Small to medium data (under 20,000 exposures) with groups (schemes, territories, NCD classes) → Recommendation C: Bühlmann-Straub credibility
Larger data with a GLM that must be fully auditable → Recommendation D: GLM + bootstrap

Node 5: Is interpretability a hard constraint?

Hard constraint (regulatory model, board-level reporting, Fair Pricing rules) → Recommendation E: GAM with EBM uncertainty
Not a hard constraint → Recommendation A: Conformal prediction

Decision table summary

Primary use	Model type	Data / structure	Interpretability	Recommendation
SCR per-risk bound	Any	Any	Any	A: Conformal
SCR portfolio aggregate	Any	Any	Any	B: Distributional GBM
Pricing interval	GBM	Any	Not required	A: Conformal
Pricing interval	GBM	Any	Not required	B: Distributional GBM (full dist.)
Pricing interval	GLM/GAM	Any	Hard constraint	E: GAM EBM
Audit / validation	Any	Small + groups	Any	C: Bühlmann-Straub
Audit / validation	GLM	Large, no groups	Hard constraint	D: GLM bootstrap

Recommendation A: Conformal prediction — `insurance-conformal`

When to use it. Your model is a fitted GBM (CatBoost, LightGBM) or GLM, you need a prediction interval with a statistical coverage guarantee, and you do not want to make parametric assumptions about the error distribution. This is the right tool for Solvency II per-risk upper bounds, for pricing intervals that need to survive a PRA review, and for any situation where “I calibrated this on 5,000 policies so the interval is actually 91.3% rather than exactly 90%” is an acceptable answer. The finite-sample guarantee — P(y ∈ [lower, upper]) ≥ 1 − alpha — is distribution-free and holds for any calibration set size above around 200 observations.

The non-conformity score matters. For Tweedie or Poisson models, use pearson_weighted (the default). Raw residual scores give wider intervals in the tails and narrower intervals at low predicted values, which is exactly backwards for insurance.
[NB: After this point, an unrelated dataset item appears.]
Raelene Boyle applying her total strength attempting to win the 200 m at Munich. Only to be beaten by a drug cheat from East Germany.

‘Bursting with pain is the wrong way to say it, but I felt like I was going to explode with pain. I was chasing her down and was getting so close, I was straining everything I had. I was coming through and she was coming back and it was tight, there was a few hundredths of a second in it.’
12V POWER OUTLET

Check coverage_by_decile() after calibrating — if any decile deviates more than 5pp from the target, switch to deviance.

from insurance_conformal import InsuranceConformalPredictor
from insurance_conformal.scr import SCRReport

# Wrap your fitted CatBoost or sklearn model
cp = InsuranceConformalPredictor(
    model=fitted_catboost,
    nonconformity="pearson_weighted",
    distribution="tweedie",
    tweedie_power=1.5,
)

# Calibrate on a held-out period (e.g. year 5 of a train-on-years-1-4 model)
cp.calibrate(X_cal, y_cal)

# 90% prediction intervals for the renewal book
intervals = cp.predict_interval(X_test, alpha=0.10)
# pl.DataFrame with columns: lower, point, upper

# Coverage diagnostic — check this before submitting to a regulator
cp.summary(X_test, y_test, alpha=0.10)

# Solvency II per-risk SCR upper bounds at 99.5th percentile
scr = SCRReport(predictor=cp)
scr_table = scr.solvency_capital_requirement(X_test, alpha=0.005)
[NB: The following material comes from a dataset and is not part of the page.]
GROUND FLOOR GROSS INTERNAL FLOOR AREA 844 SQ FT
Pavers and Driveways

One honest caveat: conformal prediction gives you marginal coverage, not conditional. It guarantees that 90% of all risks are covered on average. It does not guarantee that 90% of high-value risks specifically are covered. Use coverage_by_decile() to check this. If you need conditional coverage — equal coverage at every risk level — the literature has no fully satisfying answer yet, and neither do we.

Recommendation B: Distributional GBM — `insurance-distributional`

When to use it. You need the full conditional distribution of losses, not just an interval. The motivating cases: pricing an excess-of-loss layer (you need E[max(Y − d, 0) ∧ l

x] computed from the conditional distribution, not from a point prediction), IFRS 17 risk adjustment (you need CoV per risk to calculate the risk adjustment at policy level), or capital modelling where a scalar phi assumption has been challenged. Also use this when you have evidence of heteroscedastic dispersion — risks with the same expected loss but materially different volatility — which is the norm in UK motor rather than the exception.
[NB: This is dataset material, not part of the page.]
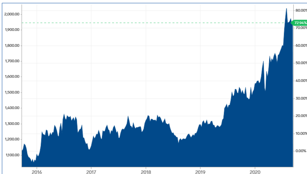
Figure 2: Five-year gold price chart, courtesy of Markets Insider

Gold's ascent began five years ago, with interest rates low and question marks beginning to be asked about the world economy. Interest rates were kept low during and subsequent to the GFC, as a means of accelerating and maintaining economic growth, but have never been allowed to return to 'normalised' levels. There are inherent dangers in keeping interest rates too low for too long, as they have created asset bubbles and led to artificially high equity markets. Furthermore, central banks have left themselves very little wriggle room to manoeuvre in terms of interest rates, which are already at historically-low levels.

The TweedieGBM model fits a joint mean and dispersion model using the Smyth-Jørgensen double GLM with CatBoost. The key output beyond the mean is pred.volatility_score(), which is the per-risk coefficient of variation. That number is what turns a distributional model into something actionable for pricing.

from insurance_distributional import TweedieGBM
from insurance_distributional import coverage, pit_values

model = TweedieGBM(power=1.5)
model.fit(X_train, y_train, exposure=exposure_train)

pred = model.predict(X_test, exposure=exposure_test)

# Point prediction and distributional outputs
mu      = pred.mean          # E[Y | X]
phi     = pred.variance      # Var[Y | X] — per-risk, not portfolio scalar
cov_per_risk = pred.volatility_score()  # CoV = sqrt(phi) * mu^(p/2 - 1)

# Proper scoring: CRPS is the most informative for distributional models
crps_score = model.crps(X_test, y_test)

# PIT histogram — should be uniform if distributional calibration is good
pit = pit_values(y_test, pred)

If you are pricing XL layers or per-risk excess structures, use FlexCodeDensity instead of TweedieGBM. The FlexCode density estimator fits a nonparametric conditional density using a cosine basis, which makes no parametric assumptions about the shape of the severity distribution. It is slower and requires more data (we recommend at least 5,000 observations for the severity component) but is strictly more general.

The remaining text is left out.